### EXERCISE OBJECTIVE
Return the following from the records below: each line, word for word, starting with the line that contains "60 Carta Mundi" and going on through the line that contains "Filtrons FLP10SL5 - картридж", with nothing outside that range.

### RECORDS PROVIDED

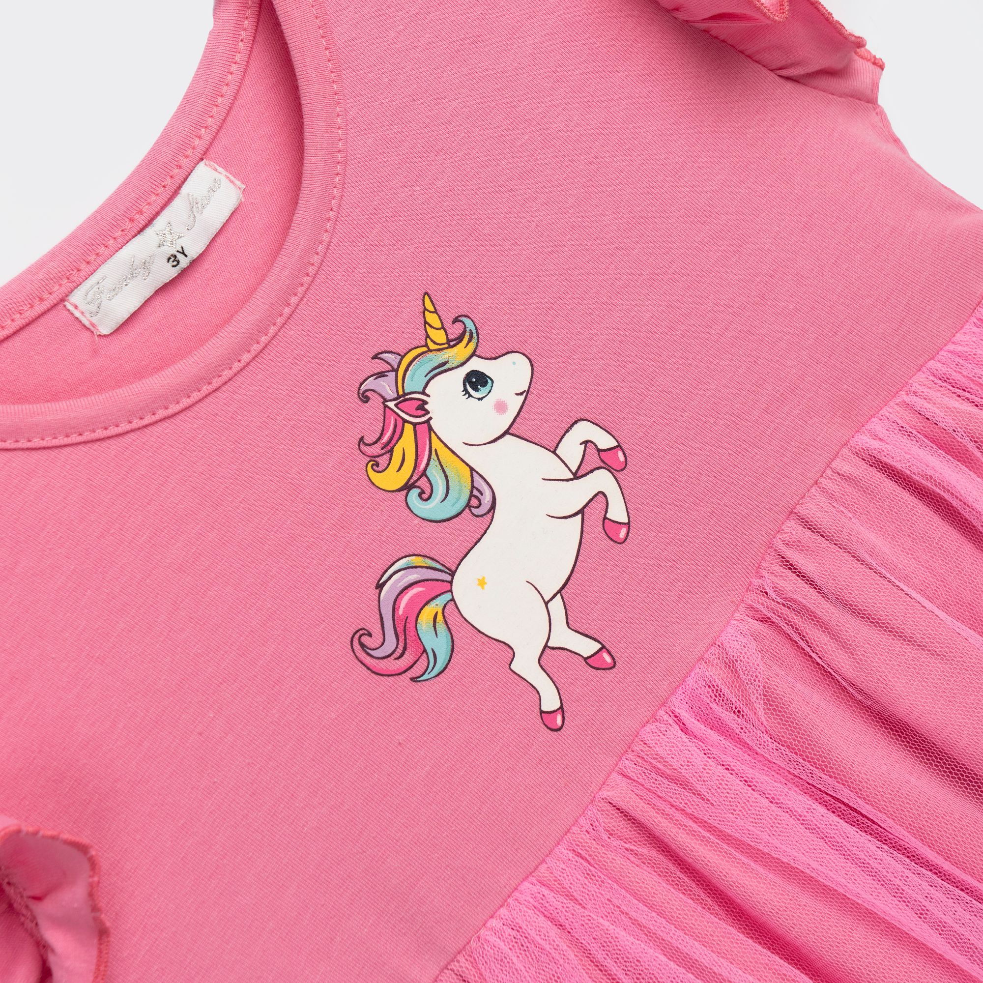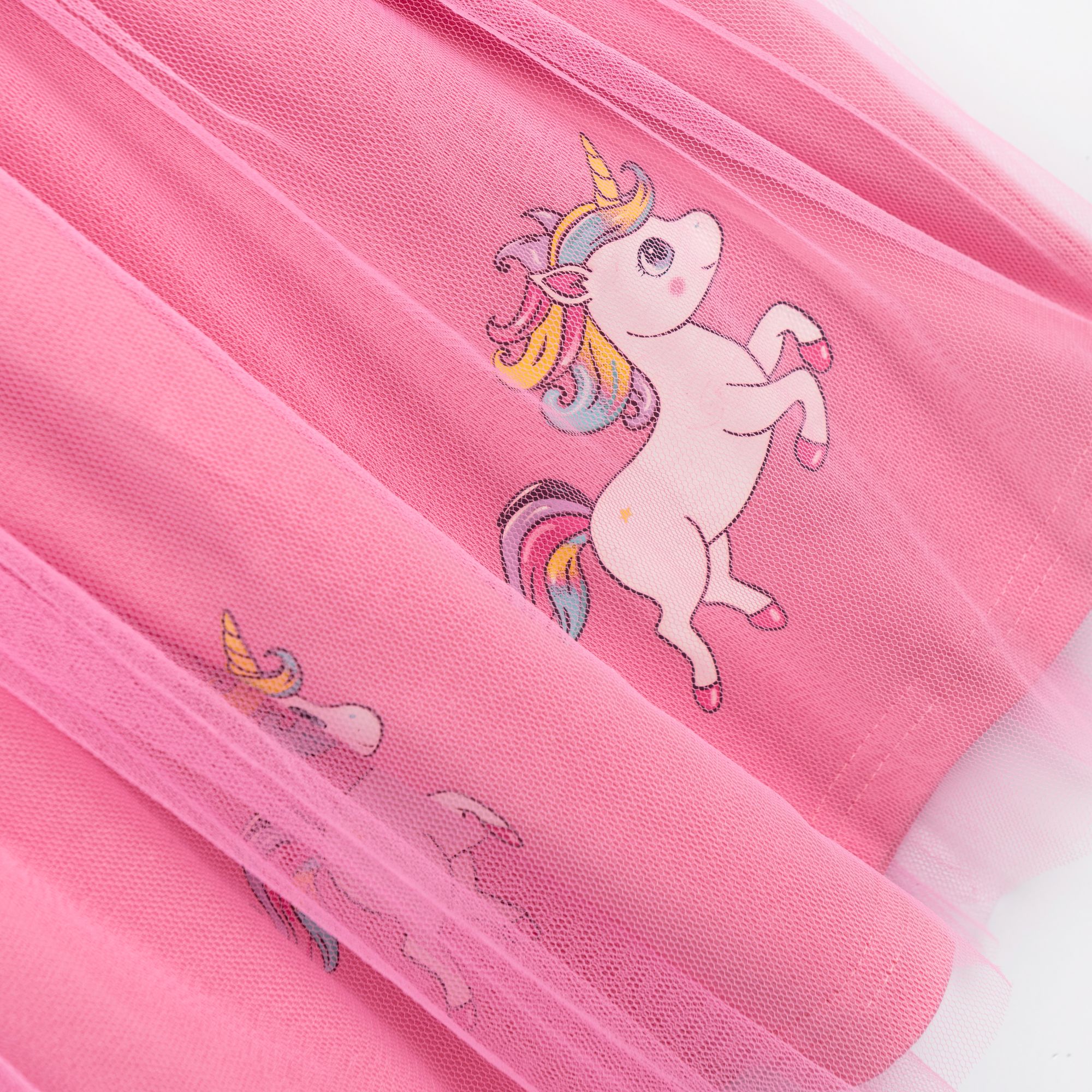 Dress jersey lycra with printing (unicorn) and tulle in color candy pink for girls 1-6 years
--
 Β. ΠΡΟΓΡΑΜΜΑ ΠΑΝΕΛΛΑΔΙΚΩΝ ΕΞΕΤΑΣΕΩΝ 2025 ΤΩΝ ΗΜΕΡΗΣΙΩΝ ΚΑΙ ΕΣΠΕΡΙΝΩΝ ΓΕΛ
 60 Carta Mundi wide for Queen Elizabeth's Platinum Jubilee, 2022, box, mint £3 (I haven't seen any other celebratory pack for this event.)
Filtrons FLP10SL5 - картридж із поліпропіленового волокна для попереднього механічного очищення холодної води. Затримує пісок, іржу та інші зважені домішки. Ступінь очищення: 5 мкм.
...
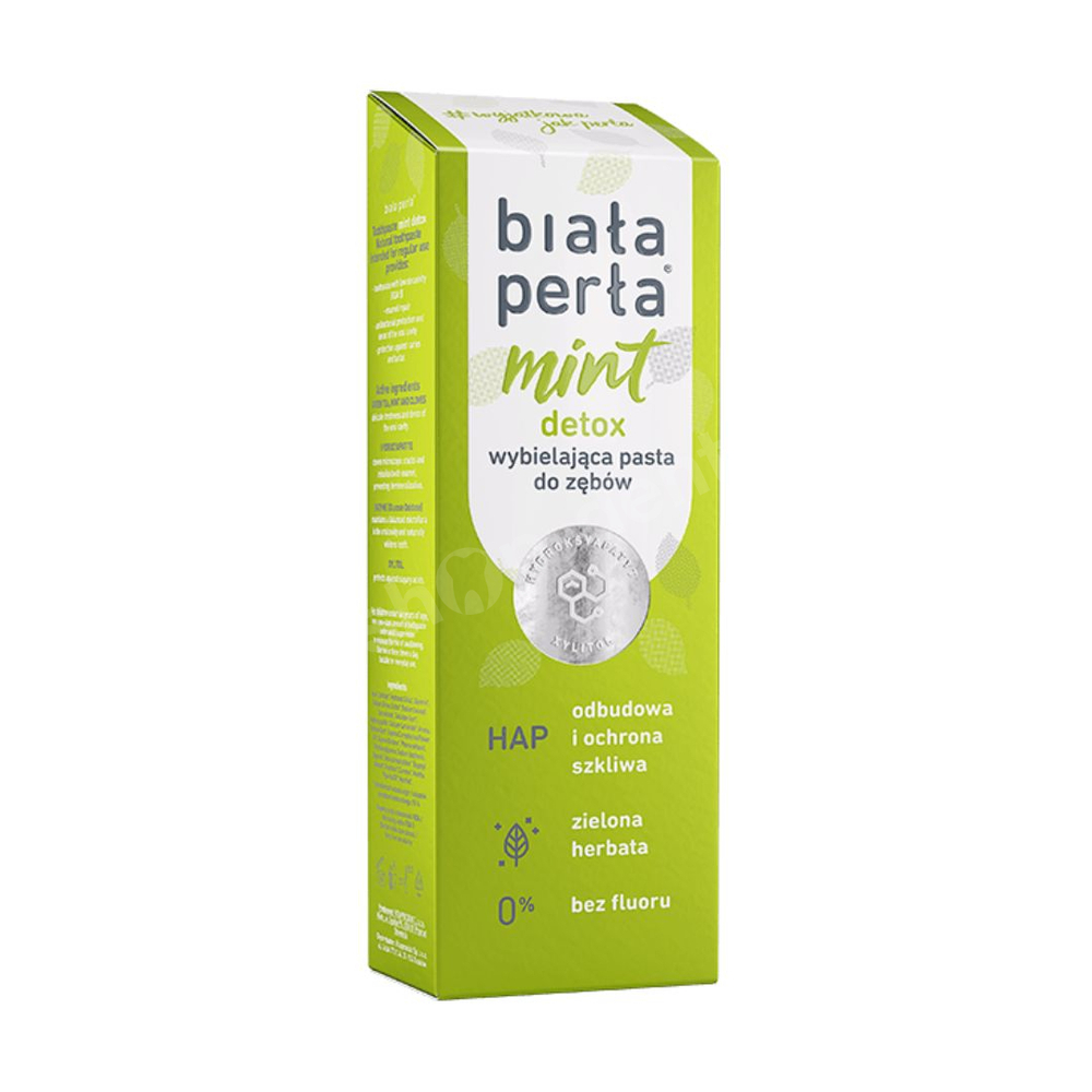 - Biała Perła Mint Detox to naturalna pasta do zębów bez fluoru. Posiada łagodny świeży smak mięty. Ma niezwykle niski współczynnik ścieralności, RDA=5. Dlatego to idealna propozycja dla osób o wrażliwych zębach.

### EXERCISE SOLUTION
 60 Carta Mundi wide for Queen Elizabeth's Platinum Jubilee, 2022, box, mint £3 (I haven't seen any other celebratory pack for this event.)
Filtrons FLP10SL5 - картридж із поліпропіленового волокна для попереднього механічного очищення холодної води. Затримує пісок, іржу та інші зважені домішки. Ступінь очищення: 5 мкм.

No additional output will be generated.